■ **SUPPLIED MATERIAL**:

---------------

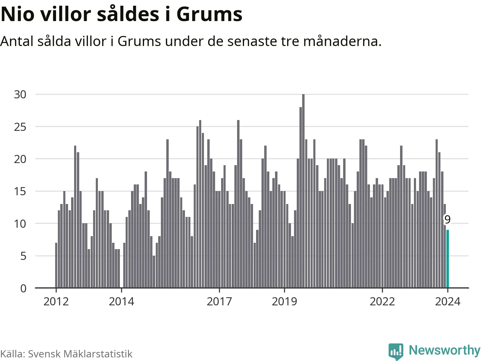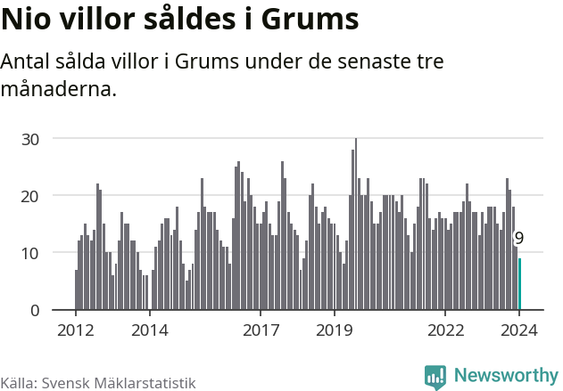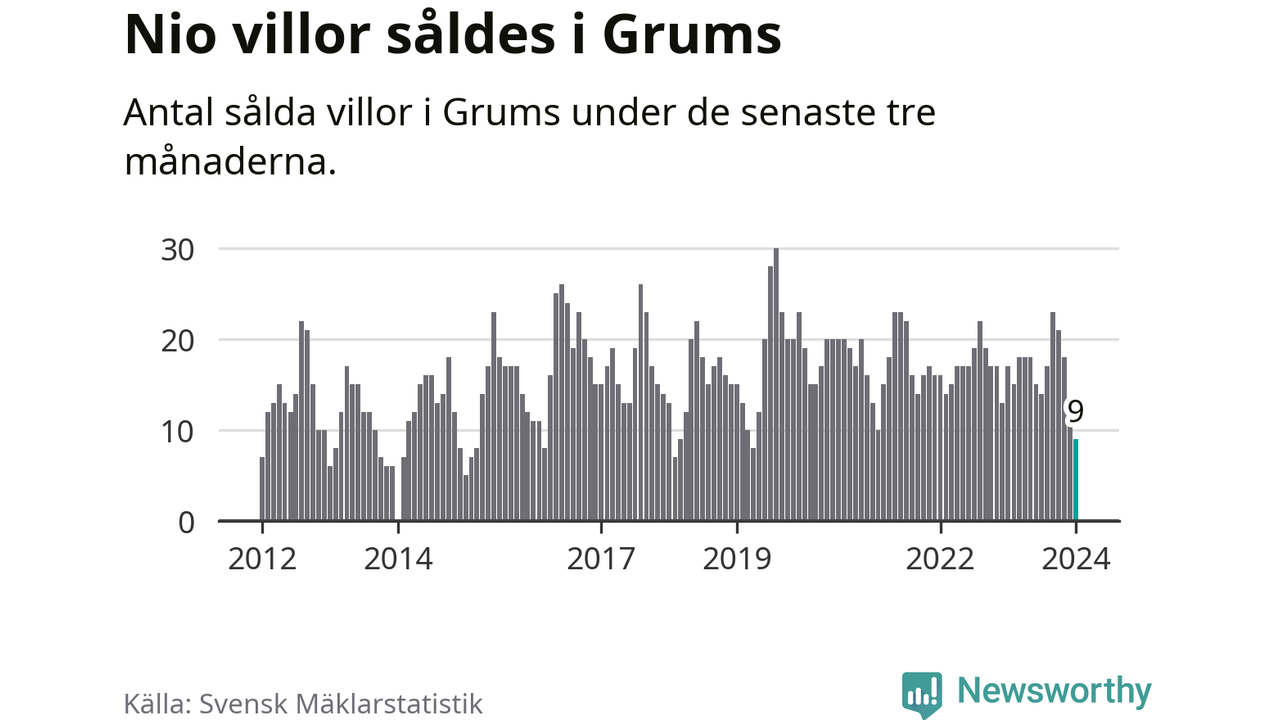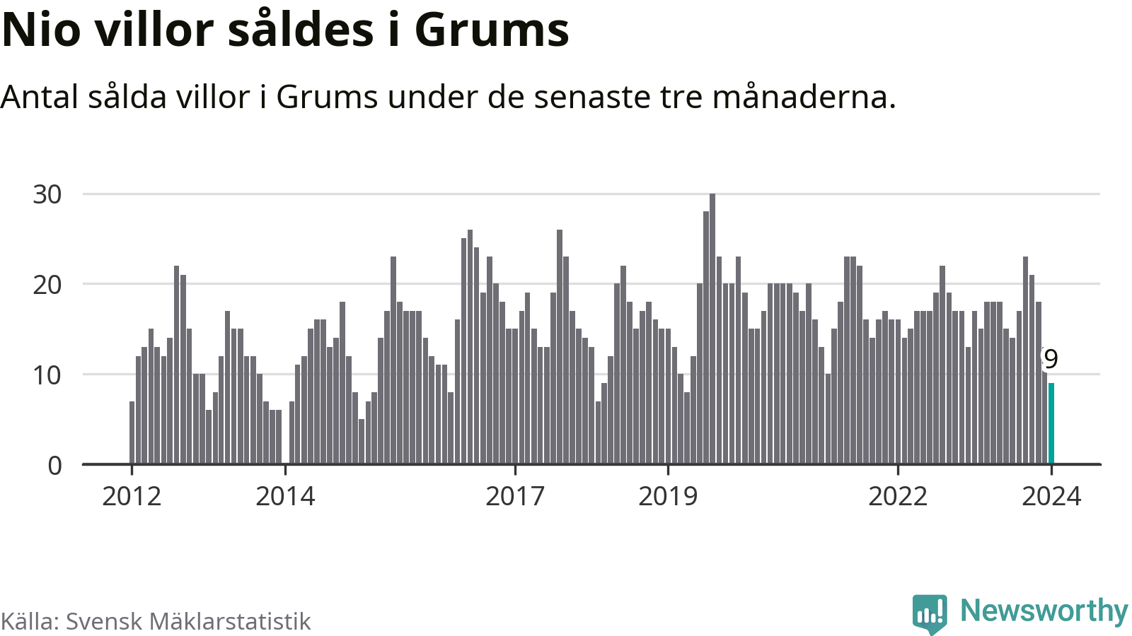 Mellan november och januari gjordes sammanlagt nio affärer med villor i Grums kommun. Det kan jämföras med 17 vid motsvarande tid i fjol.
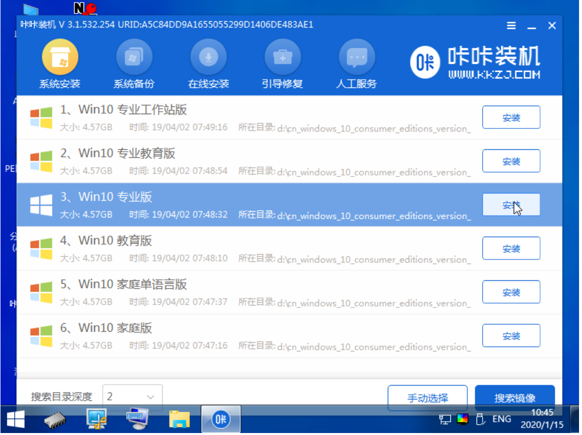 5、在pe系統(tǒng)桌面上打開咔咔裝機工具,然后選擇win10系統(tǒng)點擊安裝。
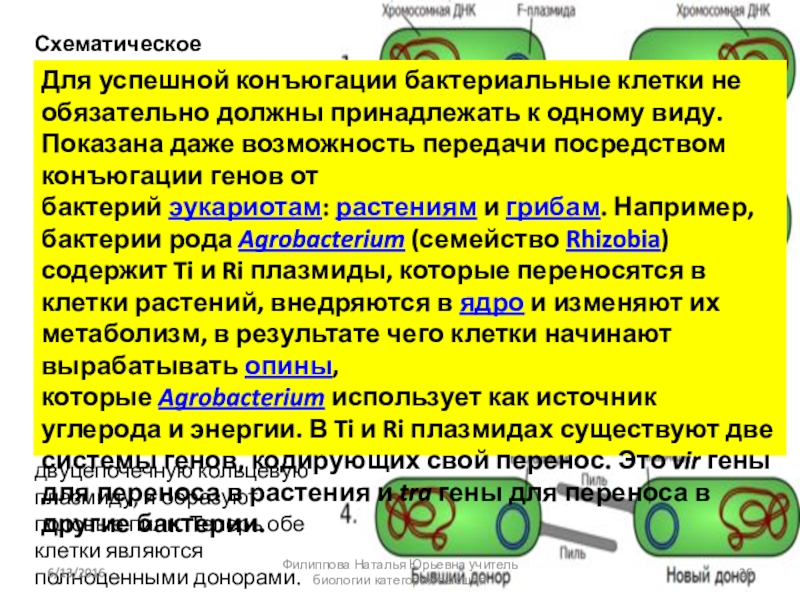 Для успешной конъюгации бактериальные клетки не обязательно должны принадлежать к одному виду. Показана даже возможность передачи посредством конъюгации генов от бактерий эукариотам: растениям и грибам. Например, бактерии рода Agrobacterium (семейство Rhizobia) содержит Ti и Ri плазмиды, которые переносятся в клетки растений, внедряются в ядро и изменяют их метаболизм, в результате чего клетки начинают вырабатывать опины, которые Agrobacterium использует как источник углерода и энергии. В Ti и Ri плазмидах существуют две системы генов, кодирующих свой перенос. Это vir гены для переноса в растения и tra гены для переноса в другие бактерии.
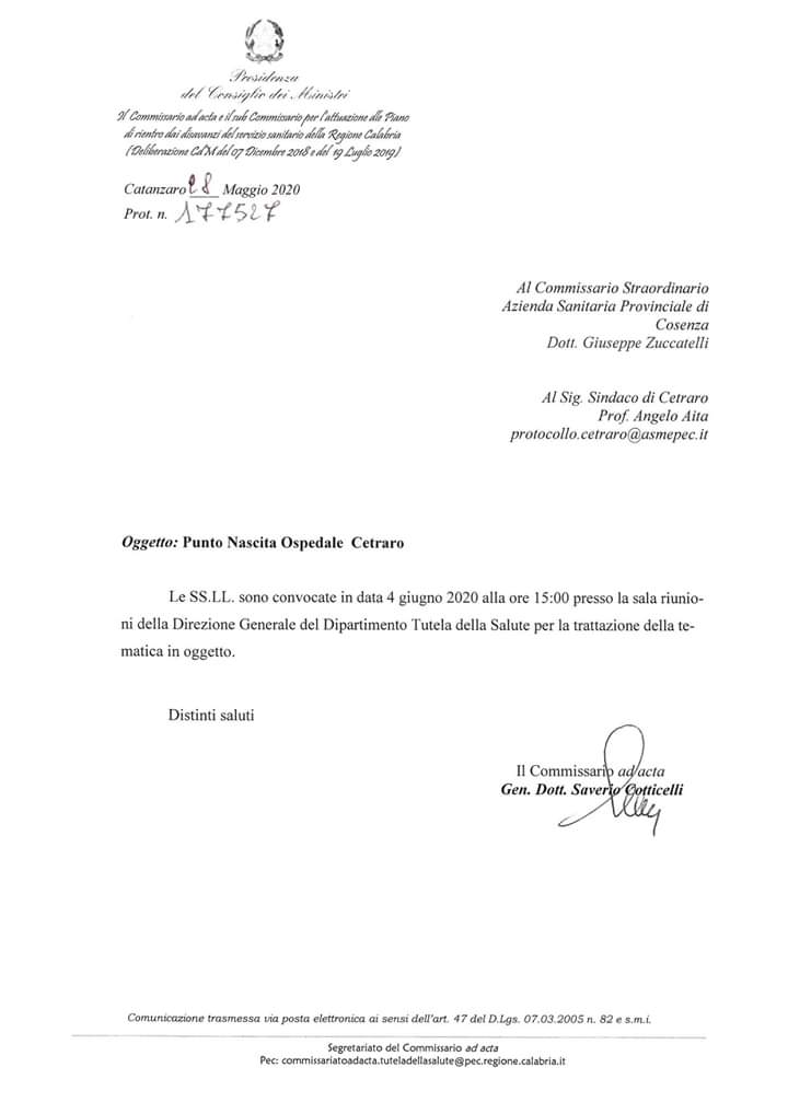 Come si evince dalla nota sotto riportata, nella giornata di oggi sono stato convocato dal Commissario Cotticelli per giorno 4 giugno alle ore 15.00, insieme al Commissario ASP Zuccatelli, per affrontare la questione del Punto Nascita di Cetraro.

---------------

■ **WHAT THIS TASK INVOLVES**: All lines from the beginning of the material above through the line holding "5、在pe系統(tǒng)桌" are to be given again exactly, and no others; pictures do not go in.

■ **SOLUTION TO THIS PROBLEM**:
 Mellan november och januari gjordes sammanlagt nio affärer med villor i Grums kommun. Det kan jämföras med 17 vid motsvarande tid i fjol.
 5、在pe系統(tǒng)桌面上打開咔咔裝機工具,然后選擇win10系統(tǒng)點擊安裝。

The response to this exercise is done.